# RECORDS FOR THIS TASK:
----------

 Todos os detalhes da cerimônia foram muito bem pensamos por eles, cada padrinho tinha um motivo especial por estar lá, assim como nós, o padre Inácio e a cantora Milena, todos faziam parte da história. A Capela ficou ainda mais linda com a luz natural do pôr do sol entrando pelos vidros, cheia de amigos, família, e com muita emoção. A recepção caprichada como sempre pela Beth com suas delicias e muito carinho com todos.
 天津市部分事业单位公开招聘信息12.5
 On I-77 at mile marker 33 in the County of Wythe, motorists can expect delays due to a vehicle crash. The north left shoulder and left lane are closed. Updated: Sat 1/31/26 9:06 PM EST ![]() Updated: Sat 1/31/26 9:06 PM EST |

----------

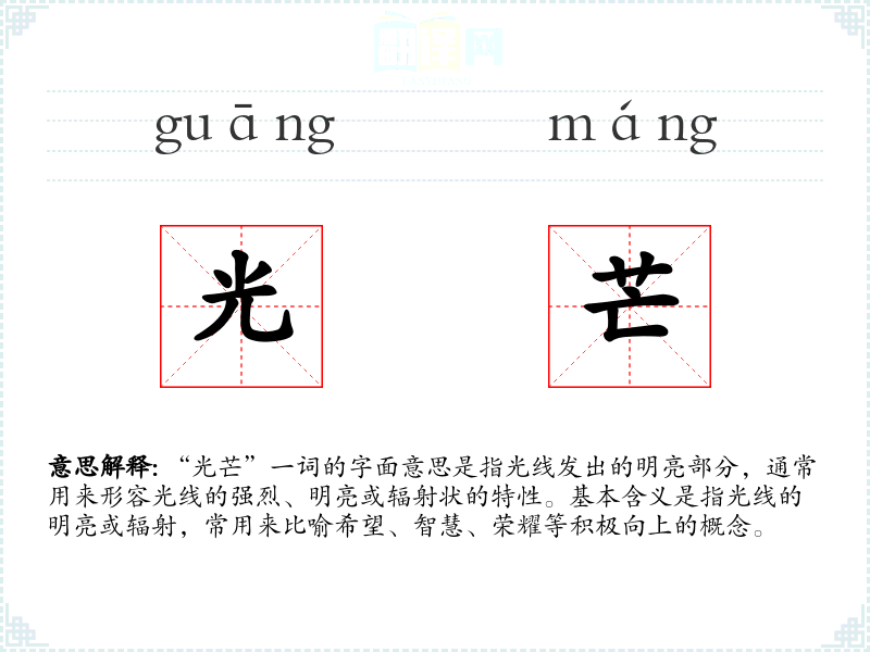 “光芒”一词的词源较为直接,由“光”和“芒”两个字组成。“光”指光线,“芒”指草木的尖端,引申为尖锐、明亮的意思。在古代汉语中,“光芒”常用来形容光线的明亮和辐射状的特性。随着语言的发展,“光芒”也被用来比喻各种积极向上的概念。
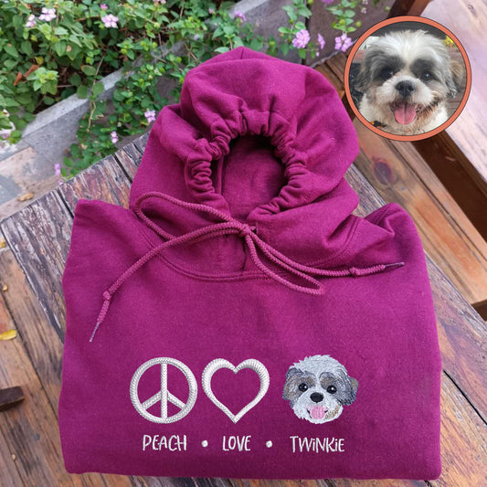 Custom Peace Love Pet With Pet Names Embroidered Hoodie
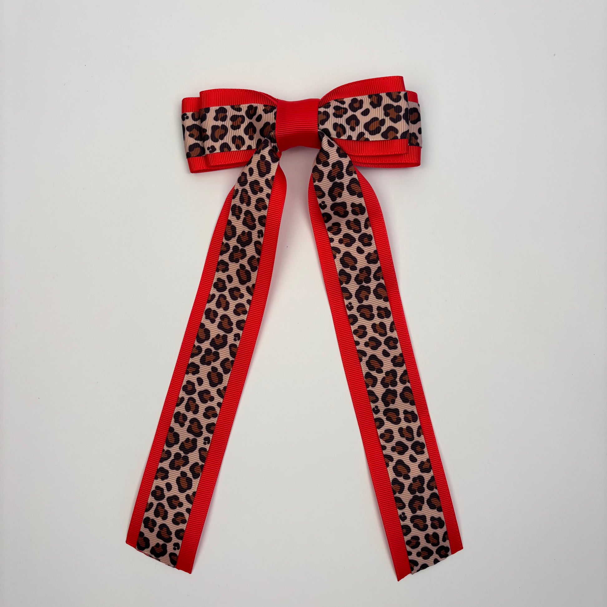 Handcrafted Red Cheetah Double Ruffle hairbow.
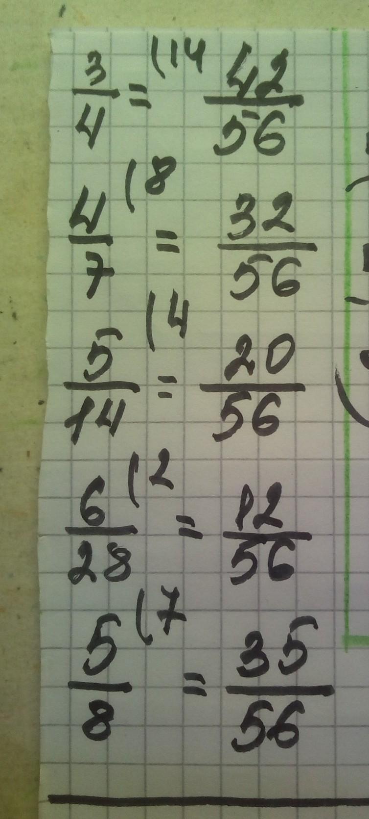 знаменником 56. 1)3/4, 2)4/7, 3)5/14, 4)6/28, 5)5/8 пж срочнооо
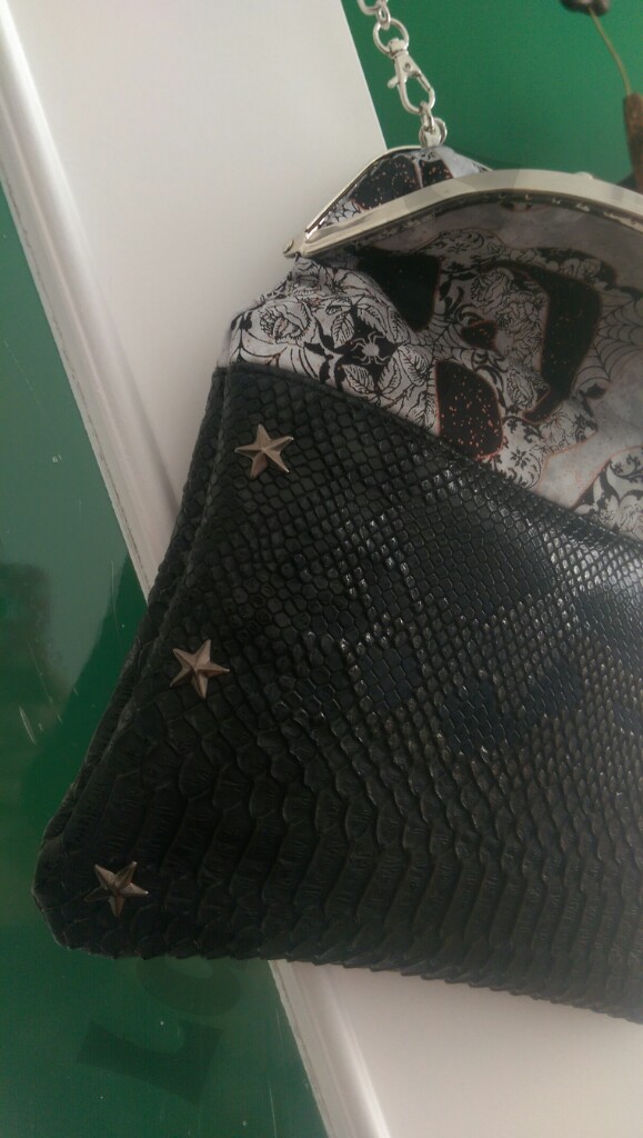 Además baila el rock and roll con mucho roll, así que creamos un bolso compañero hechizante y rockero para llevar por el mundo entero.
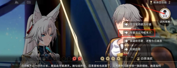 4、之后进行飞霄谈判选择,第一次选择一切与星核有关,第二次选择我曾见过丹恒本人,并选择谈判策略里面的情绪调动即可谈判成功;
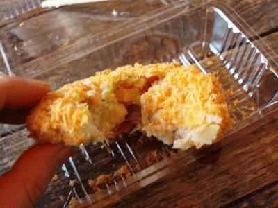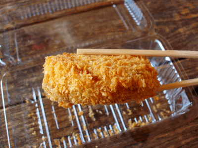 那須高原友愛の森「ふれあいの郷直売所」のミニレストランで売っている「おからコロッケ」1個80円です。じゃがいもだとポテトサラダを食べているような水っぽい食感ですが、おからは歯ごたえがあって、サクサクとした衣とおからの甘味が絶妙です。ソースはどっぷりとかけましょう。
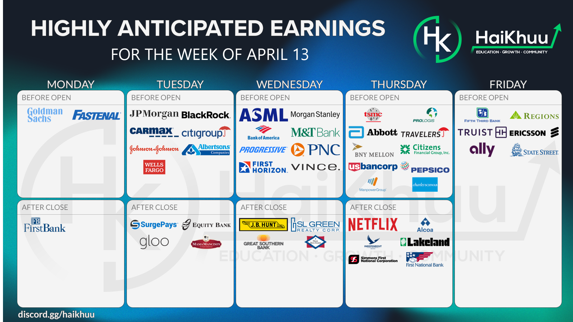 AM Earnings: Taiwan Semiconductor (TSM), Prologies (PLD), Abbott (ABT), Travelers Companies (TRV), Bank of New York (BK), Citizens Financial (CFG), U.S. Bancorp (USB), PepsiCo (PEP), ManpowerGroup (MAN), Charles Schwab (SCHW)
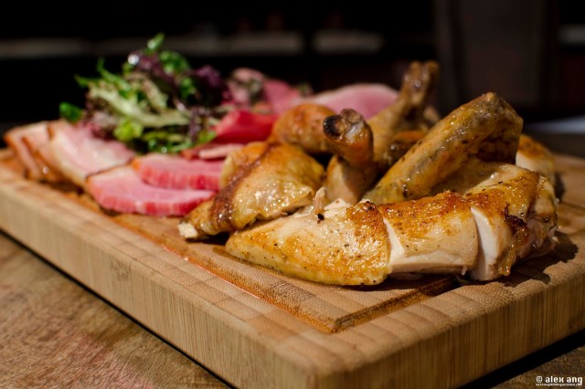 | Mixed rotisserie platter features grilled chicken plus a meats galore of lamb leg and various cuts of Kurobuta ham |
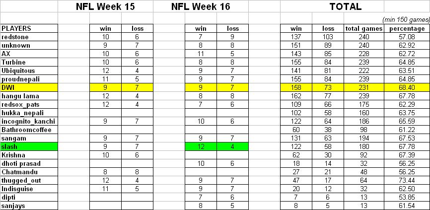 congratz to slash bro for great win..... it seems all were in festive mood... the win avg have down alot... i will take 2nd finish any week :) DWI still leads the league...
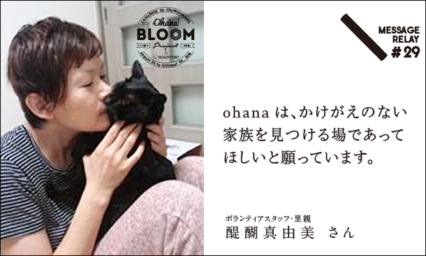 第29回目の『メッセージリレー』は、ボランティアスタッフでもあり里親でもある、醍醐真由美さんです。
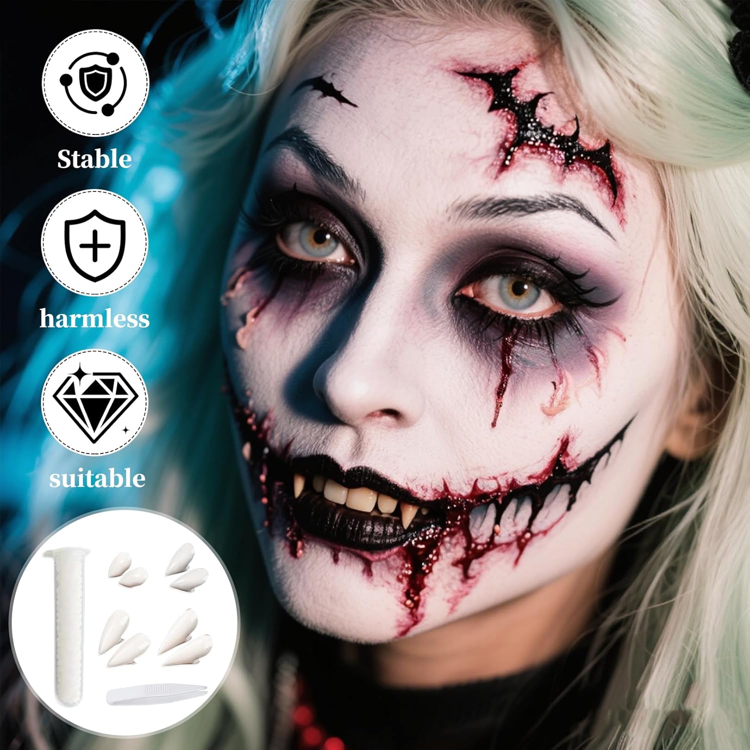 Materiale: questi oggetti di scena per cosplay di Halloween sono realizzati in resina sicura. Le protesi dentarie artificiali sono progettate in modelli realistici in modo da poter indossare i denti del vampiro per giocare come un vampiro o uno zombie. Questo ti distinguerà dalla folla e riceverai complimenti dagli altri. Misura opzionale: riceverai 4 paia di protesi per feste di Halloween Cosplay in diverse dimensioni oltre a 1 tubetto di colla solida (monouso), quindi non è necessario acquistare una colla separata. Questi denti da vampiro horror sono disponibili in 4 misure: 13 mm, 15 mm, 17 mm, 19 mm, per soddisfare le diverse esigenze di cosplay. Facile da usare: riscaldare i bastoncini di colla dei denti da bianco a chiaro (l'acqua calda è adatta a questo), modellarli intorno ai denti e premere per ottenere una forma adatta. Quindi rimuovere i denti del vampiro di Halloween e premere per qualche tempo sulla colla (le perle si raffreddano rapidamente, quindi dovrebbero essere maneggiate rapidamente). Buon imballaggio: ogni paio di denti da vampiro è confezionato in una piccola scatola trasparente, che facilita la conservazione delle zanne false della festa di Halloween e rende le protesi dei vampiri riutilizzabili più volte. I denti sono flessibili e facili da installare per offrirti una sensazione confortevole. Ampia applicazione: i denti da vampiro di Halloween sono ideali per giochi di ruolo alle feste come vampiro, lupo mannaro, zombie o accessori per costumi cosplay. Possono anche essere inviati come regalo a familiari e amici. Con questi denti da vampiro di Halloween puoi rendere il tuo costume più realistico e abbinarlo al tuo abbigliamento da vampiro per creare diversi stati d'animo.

----------

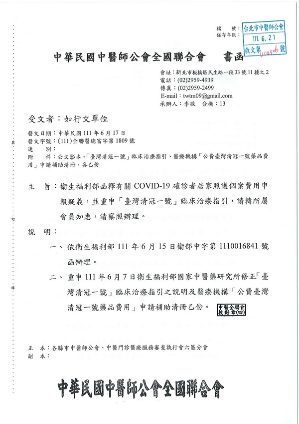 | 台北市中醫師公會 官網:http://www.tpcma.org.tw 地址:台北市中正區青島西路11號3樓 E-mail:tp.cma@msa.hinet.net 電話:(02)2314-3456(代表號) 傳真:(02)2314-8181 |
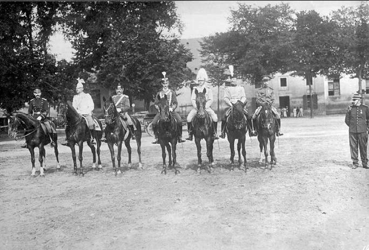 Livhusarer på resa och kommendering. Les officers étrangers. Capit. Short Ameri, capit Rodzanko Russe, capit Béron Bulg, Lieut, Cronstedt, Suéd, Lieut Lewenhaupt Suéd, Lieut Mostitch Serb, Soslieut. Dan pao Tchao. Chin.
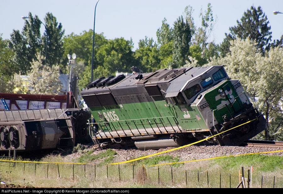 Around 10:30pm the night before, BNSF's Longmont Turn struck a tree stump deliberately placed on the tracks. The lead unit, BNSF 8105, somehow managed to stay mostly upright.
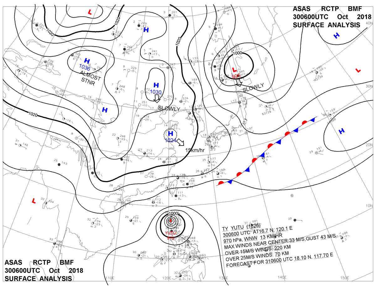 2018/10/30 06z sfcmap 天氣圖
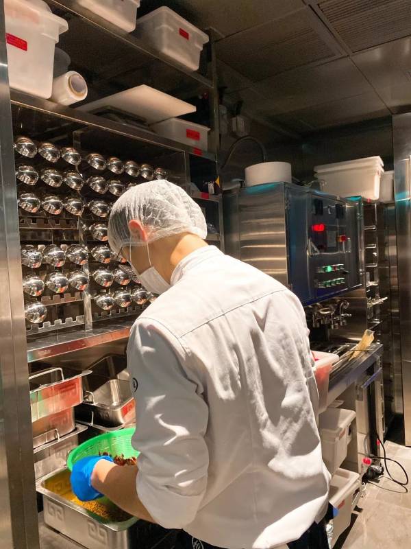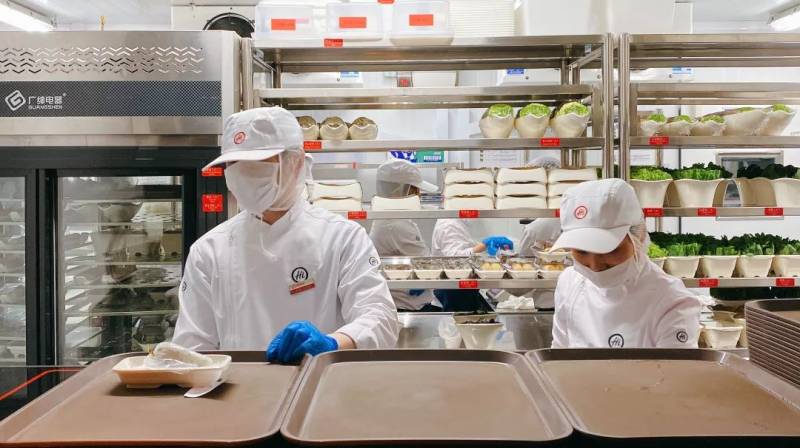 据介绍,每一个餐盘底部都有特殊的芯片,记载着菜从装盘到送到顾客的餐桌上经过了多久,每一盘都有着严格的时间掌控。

----------

# WORK REQUEST:
The required answer is the run of lines above, starting at the line with "Todos os detalhes" and ending at the line with "On I-77 at mile", reproduced exactly with both ends.

# RESPONSE FOR THIS EXERCISE:
 Todos os detalhes da cerimônia foram muito bem pensamos por eles, cada padrinho tinha um motivo especial por estar lá, assim como nós, o padre Inácio e a cantora Milena, todos faziam parte da história. A Capela ficou ainda mais linda com a luz natural do pôr do sol entrando pelos vidros, cheia de amigos, família, e com muita emoção. A recepção caprichada como sempre pela Beth com suas delicias e muito carinho com todos.
 天津市部分事业单位公开招聘信息12.5
 On I-77 at mile marker 33 in the County of Wythe, motorists can expect delays due to a vehicle crash. The north left shoulder and left lane are closed. Updated: Sat 1/31/26 9:06 PM EST ![]() Updated: Sat 1/31/26 9:06 PM EST |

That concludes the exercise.